Sunday, April 15, 2012

Deadly tornadoes strike US Midwest

Tornadoes have struck the US states of Nebraska, Kansas and Oklahoma following a warning by forecasters to residents across the US Midwest about "life-threatening" weather.

The National Weather Service said in an advisory on Saturday afternoon that severe storms were possible from Texas in the south to Iowa, South Dakota and Minnesota in the north.

"Conditions will remain favourable for strong to violent and possibly long-lived tornadoes into the overnight hours," it said.

Tornadoes during the overnight hours can be particularly dangerous because people are often sleeping and don’t hear the warnings, plus it’s impossible to see them coming in the dark.

Local television station KOCO in Oklahoma City reported that the death toll reached four on early Sunday morning.

Citing the local medical examiner, KOCO reported that all four deaths occurred in Woodward just after midnight, and that two of the deaths were children.

KOCO also said that there the twister in Woodward caused "significant structural damage and several injuries".

In the Iowa town of Creston, the Greater Regional Medical Center hospital was damaged by a possible tornado, said a woman who answered the phone there but declined to give her name.

A dispatcher for the Union County sheriff's office said he was unable to release any information about damage to the hospital or buildings.

In northwestern Oklahoma, a tornado touched down for less than a minute in the afternoon, according to Rick Smith, a National Weather Service meteorologist in the town of Norman.

The area was, however, hit by severe hail, breaking windows and damaging buildings.

Emergency operations

A tornado was also spotted in Mustang, a suburb of Oklahoma City, before dawn. Kristy Yager, a spokeswoman for Oklahoma City, said that trees, power lines and fences were reported to have collapsed in the area.

"We'll have storms all night long in Oklahoma," Smith said. The pair of Oklahoma twisters hit a day after a tornado sliced across Norman on Friday afternoon.
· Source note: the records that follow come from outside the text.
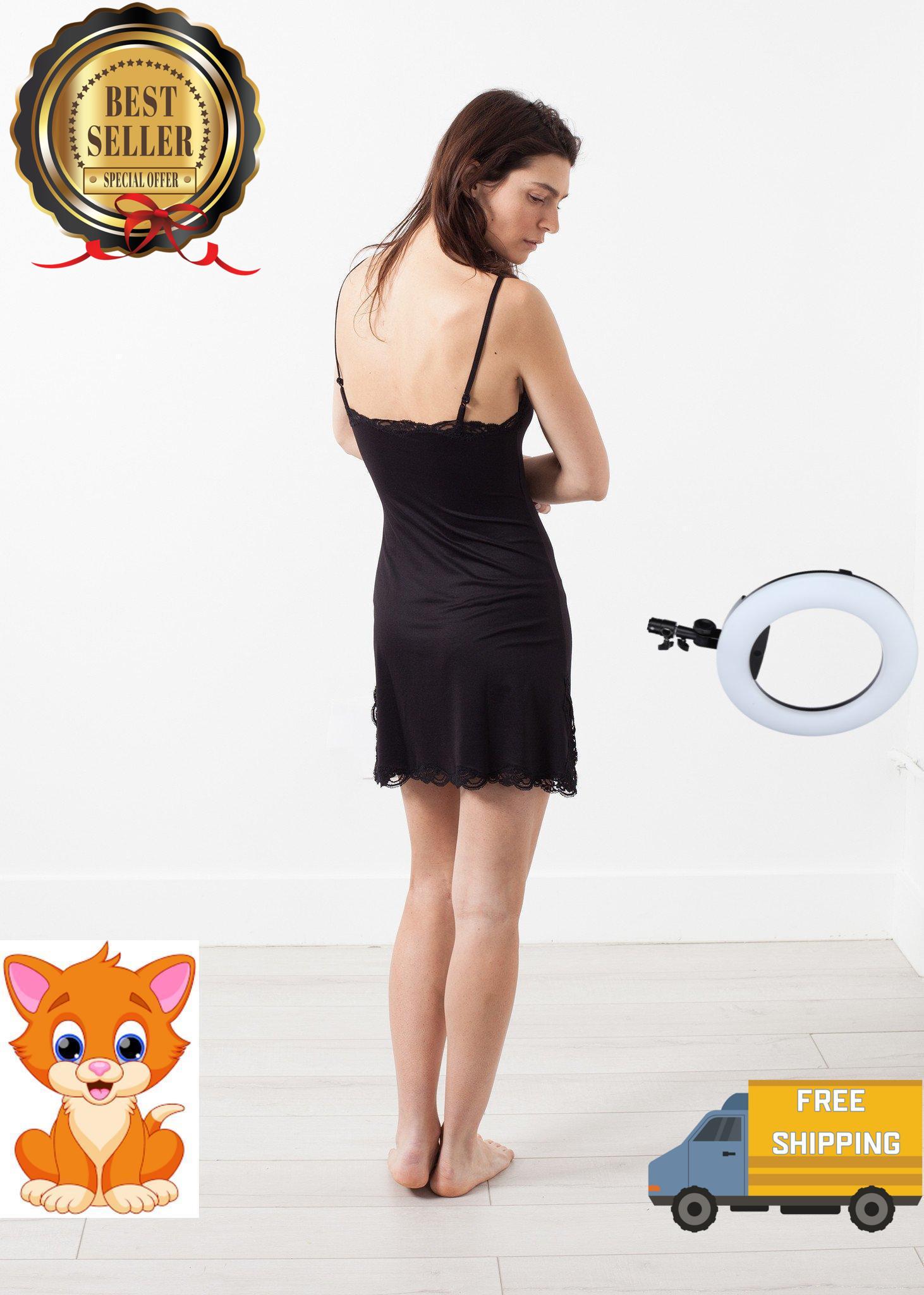 Lace trim accentuates the neckline of this lightweight Slip by Only Hearts. Color Black. 90% Nylon, 10% Lycra. Made in U.S.A. Lana is wearing a Small.
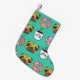 Funny dogs, doughnuts, coffee pattern. small christmas stocking
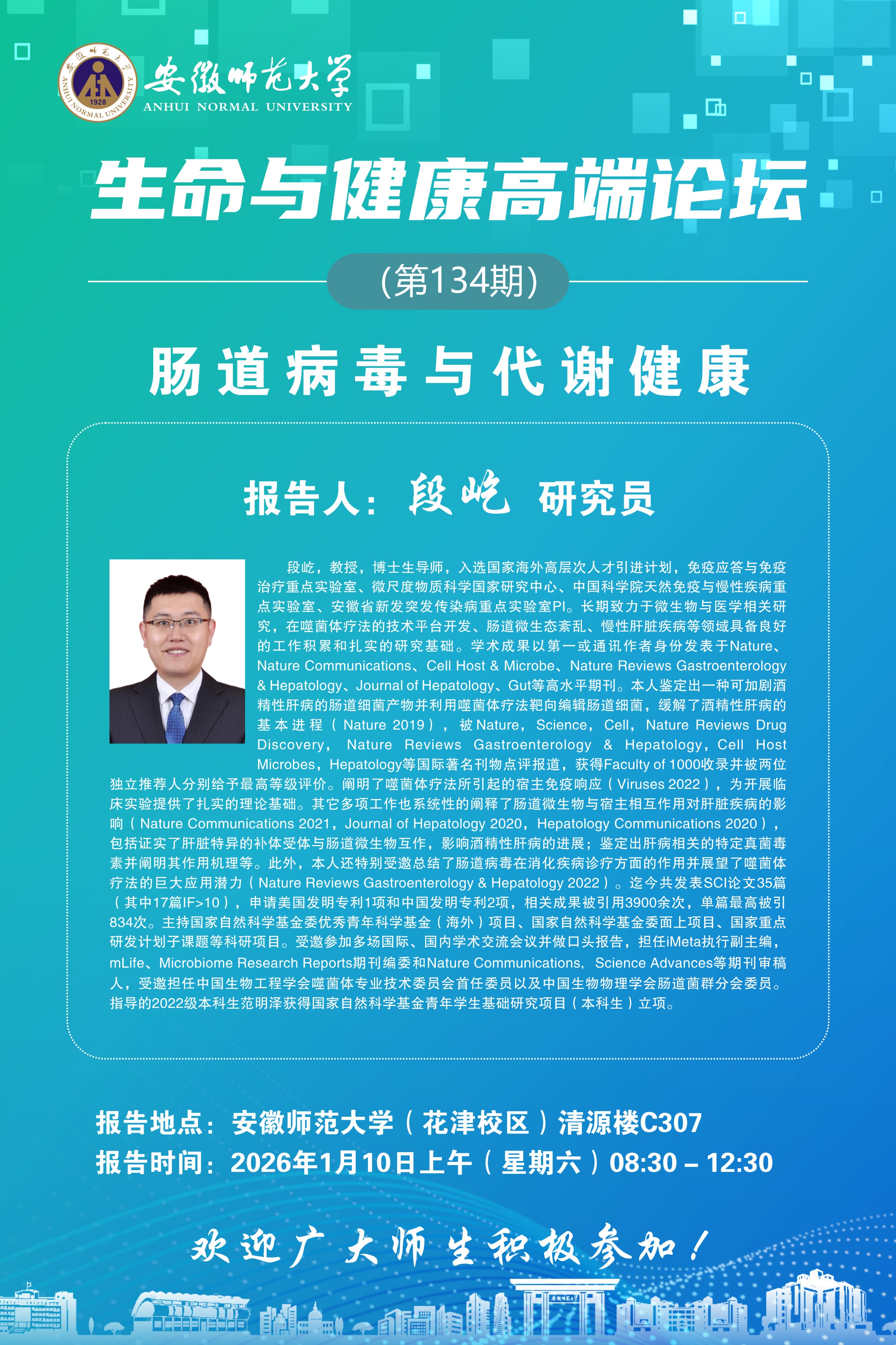 【学术预告】生命与健康高端论坛第134讲:肠道病毒与代谢健康
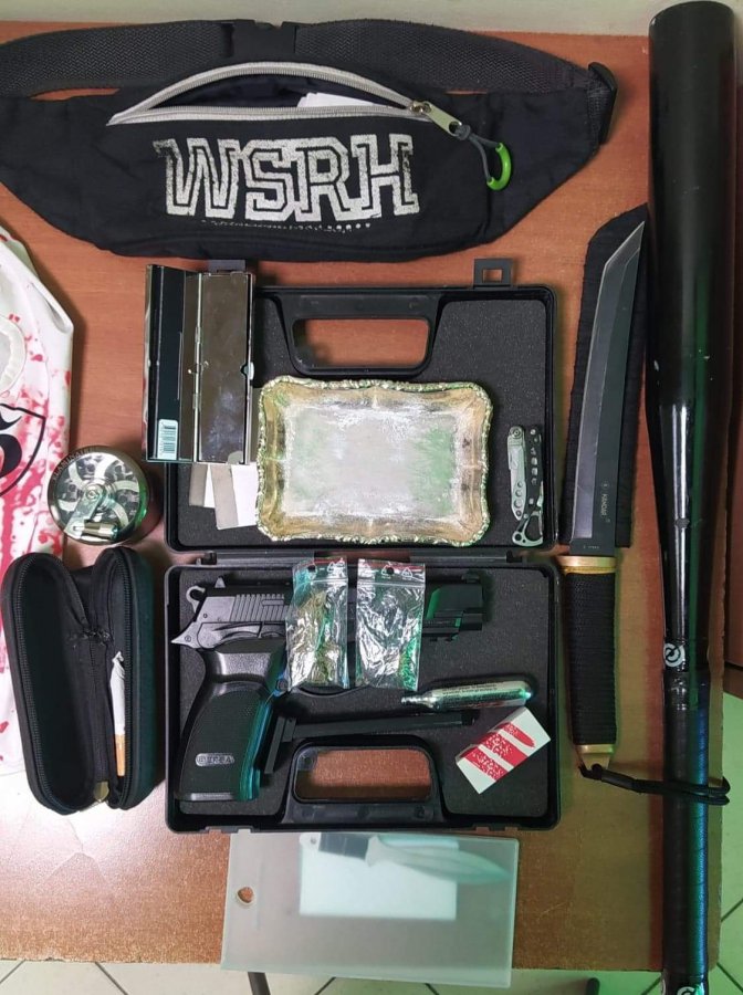 - Podczas kontroli osobistej, w kurtce mężczyzny policjanci ujawnili woreczek strunowy z zawartością białego proszku. Dodatkowo w samochodzie znaleźli kij baseballowy, kilka sztuk noży, kominiarkę, kilka telefonów komórkowych, pistolet gazowy oraz pieniądze i woreczki z suszem roślinnym.
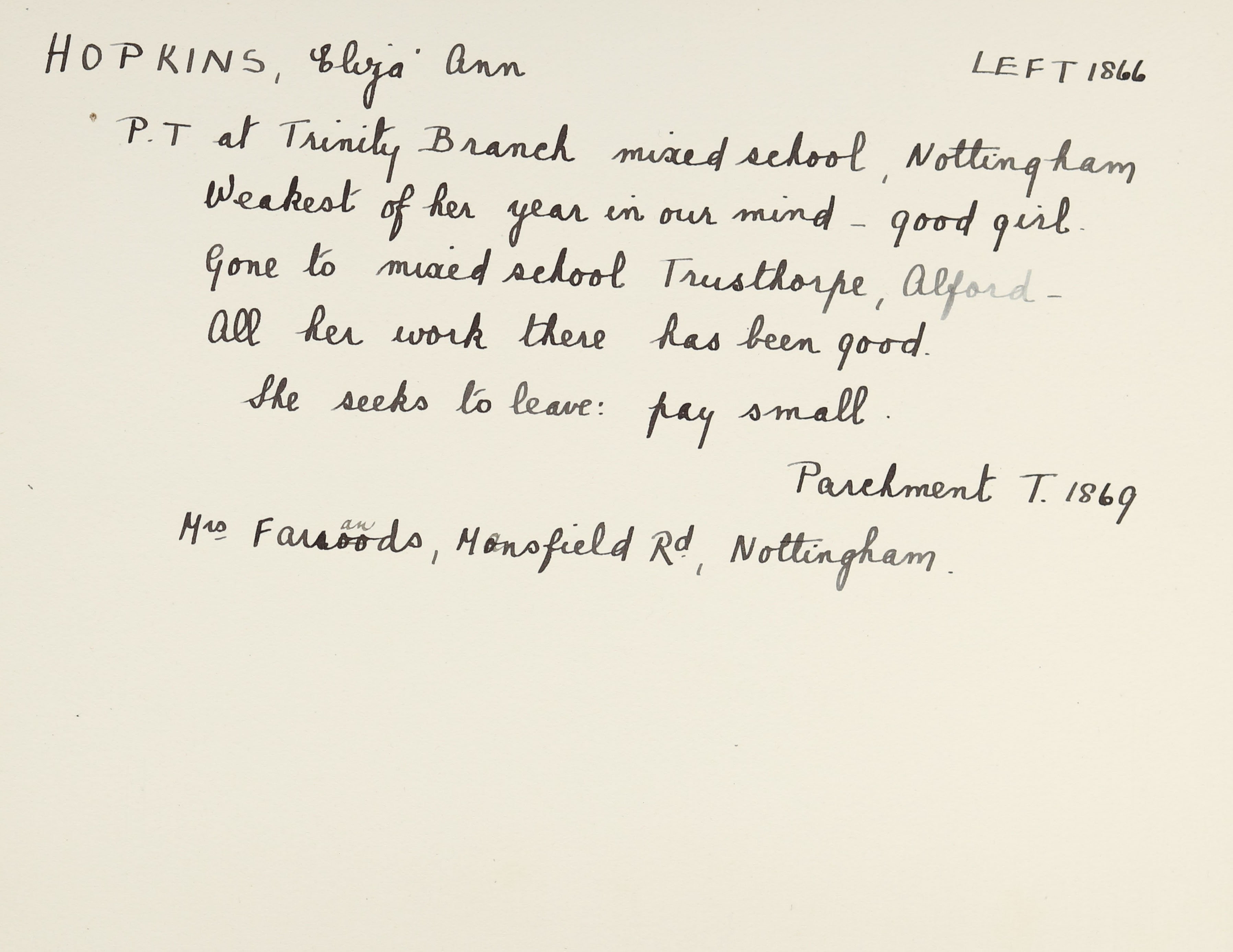 She is at York Street, Nottingham. Her father is listed as ‘Tailor’. Her mother is listed as ‘Lace Mender’. Eliza is listed as ‘Teacher’. There is a lodger, Elizabeth Andrews (b. 1801), listed as ‘Glove Seamer’.
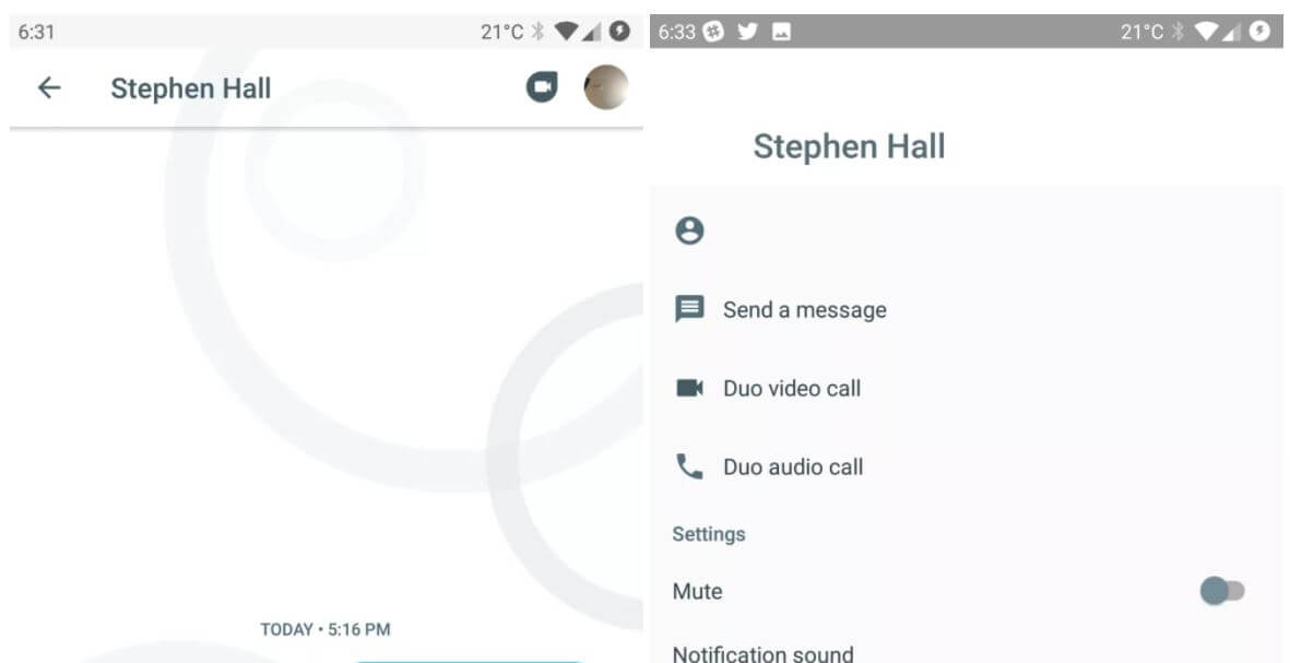 Direkt in der Einzelansicht eines Allo-Chats wird es schon bald zwei Buttons am oberen Rand geben, mit denen Audio- oder Video-Anrufe zwischen den beiden Kontakten getätigt werden können. Dazu wird Duo zum Einsatz kommen, was sich aus der Beschriftung der Buttons „Duo Audio Call“ und „Duo Video Call“ ergibt. Ob mit diesen Buttons direkt ein Anruf gestartet wird oder nur die App geöffnet wird lässt sich nicht sagen, aber es ist ein erster Schritt hin zur Nutzung nur noch einer einzigen App.

The Federal Emergency Management Agency said the worst conditions were expected to hit late on Saturday between Oklahoma City and Salina, Kansas, while other areas could see baseball-sized hail and strong winds.

Oklahoma activated its emergency operations center as a precaution before the storms.

"We really want to make sure that the public is aware that this is a serious threat and make sure that people are prepared," said Keli Cain, a spokeswoman for the Oklahoma Department of Emergency Management.

The National Weather Service could not immediately confirm the storm was a tornado.

The US tornado season started early this year, with twisters already blamed for 57 deaths in 2012 in the Midwest and South, raising concerns that this year would be a repeat of 2011, the deadliest tornado year in nearly a century.

Some 550 people died in tornadoes last year.